“PURA BABBARA’ SOMPEKKU, PURA TANGKISI’
GOLIKKU”
Kutatap lagi barisan huruf dari ukiran kayu
yang menempel lekat di badan perahu milik ayah yang mulai lapuk dan menguning.
Ada rasa yang tak bisa aku definisikan meluber dari degupan jantung. Rindu,
hanya itu yang mungkin bisa kunamai untuk perasaan yang campur aduk tak
menentu.
Deburan ombak pelan menggoyang perahu.
Mengombang-ambingkan dengan gerakan yang membuatku semakin tergugu dalam
dudukku. Sengaja aku datang kali ini, pada senja yang mulai pulih. Kilatan
jingga menghias langit barat, penuh. Aku memilih senja untuk menemaniku,
mendulang kenangan yang sudah lapuk.
***
Semesta masih gelap saat ayah
menggoyang-goyang tubuhku. Aku masih teramat sangat mengantuk setelah semalam
baru beranjak tidur setelah jam 11 malam karena menyelesaikan tugas membuat
kreasi produk kewirausahaan untuk dijual di sekolah besok. Aku memutuskan
membuat beberapa kerajinan dari benda-benda yang kudapat dari pantai.
“Pang,
ayo cepat bangun, Etta sudah siap
berangkat. Kau kunci lagi pintunya baru tidur lagi”, ayah semakin kencang
menggoyang tubuhku. Khawatir akan terlambat melaut dan tidak mendapatkan ikan.
“Etta,
Ippang barusan tidur sudah dibangunkan, masih ngantuklah”, aku mengucek mataku
dan dengan gontai melangkah ke pintu depan. Ayah sudah berada di luar rumah
dengan jaring di atas punggungnya. Kedua tangannya penuh dengan peralatan untuk
mencari ikan. Segera kucium punggung tangannya dan kembali ke dalam rumah untuk
melanjutkan tidurku.
Aku sudah terbiasa ditinggal ayah setiap
tengah malam untuk melaut. Sesekali aku ikut saat libur. Sekedar membantu
meringankan tugas ayah. Ayah melaut seorang diri dengan menggunakan perahu warisan
dari kakekku. Ayah memang Bugis sejati. Laut adalah jiwanya, seluruh hidupnya
dihabiskan di laut. Sejak masih sangat belia. Ibu sudah lama tiada, sejak
melahirkan adikku, Mariam. Maka segala pekerjaan rumah harus bisa kulaksanakan
bersama dengan adikku.
Bangun pagi langsung mengisi bak mandi dengan
air yang kutimba dari sumur di ujung desa. Lalu membersihkan rumah. Sedangkan Mariam
bertugas mencuci dan menghangatkan makanan yang sudah dibuat ayah semalam. Ayah
selalu memasak makanan untuk kami di malam hari sebelum berangkat melaut. Sejak
ibu meninggal ayah mengurus kami sendirian. Dia bilang perah berjanji akan
merawat kami dengan baik, jadi ayah tak pernah alpa menyiapkan makanan untuk
sarapan dan makan siang kami, selelah apapun dia.
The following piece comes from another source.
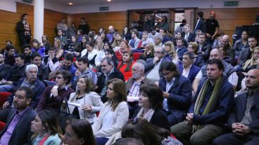 Aranguren cumple con los 20 minutos de tiempo y cierra su presentación. Más de la mitad de la sala en Rosario lo aplaude y el resto no. Uno de los que no aplaudió, el concejal del Movimiento Evita, Eduardo Toniolli, se levanta y sale. "Chicos vuelvan al Concejo que no quedó nadie allá", les dice a un grupo.

“Kak ayo sarapan, sudah selesai kan nimba
airnya?”, Mariam berteriak dari meja makan, di tangannya ada satu piring ikan
goreng. Aku yang baru saja selesai menimba air langsung duduk di meja makan. Lapar.
Ada tumis sayur dan sambal sebagai pendamping ikan goreng yang dibawa Mariam
tadi. Langsung kuisi piringku penuh-penuh.
“Kata ayah mungkin hari ini nggak pulang,
ayah mau melaut sedikit jauh, angin kencang membuat ikan jarang”, Mariam
membawa piring kotor untuk dicuci ke belakang.
Kalau ayah tidak pulang berarti tugasku
bertambah satu, menyiapkan makanan untuk esok hari. Mariam yang masih SMP belum
diberi kepercayaan untuk menyiapkan makanan untuk kami. Jadi nanti sepulang
sekolah aku harus mampir ke warung untuk membeli sayur. Untungnya masih ada
persediaan ikan di box yang bisa dimasak.
Aku segera berangkat bersama Mariam ke
sekolah sambil menenteng kerajinan tangan yang semalam kubuat. Setiap hari
kubonceng Mariam dengan satu-satunya sepeda yang kami punya. Lalu melanjutkan
perjalanan ke SMK yang ada di kota. Butuh satu jam perjalanan untuk sampai ke
sana.
***
Senyum tak lepas dari bibirku saat sampai di
rumah. Mariam memandang ke arahku, namun tak kuindahkan. Aku sedang bahagia
karena semua kerajinan yang aku buat ludes diborong oleh Pak Ahmad, guru
kesenianku. Sedari kecil memang aku sudah sangat suka dengan kerajinan. Dan ayah
bilang memang aku berbakat. Sering aku iseng membuat apa saja dari bahan-bahan
yang kutemukan di laut saat sedang senggang menunggu ayah datang.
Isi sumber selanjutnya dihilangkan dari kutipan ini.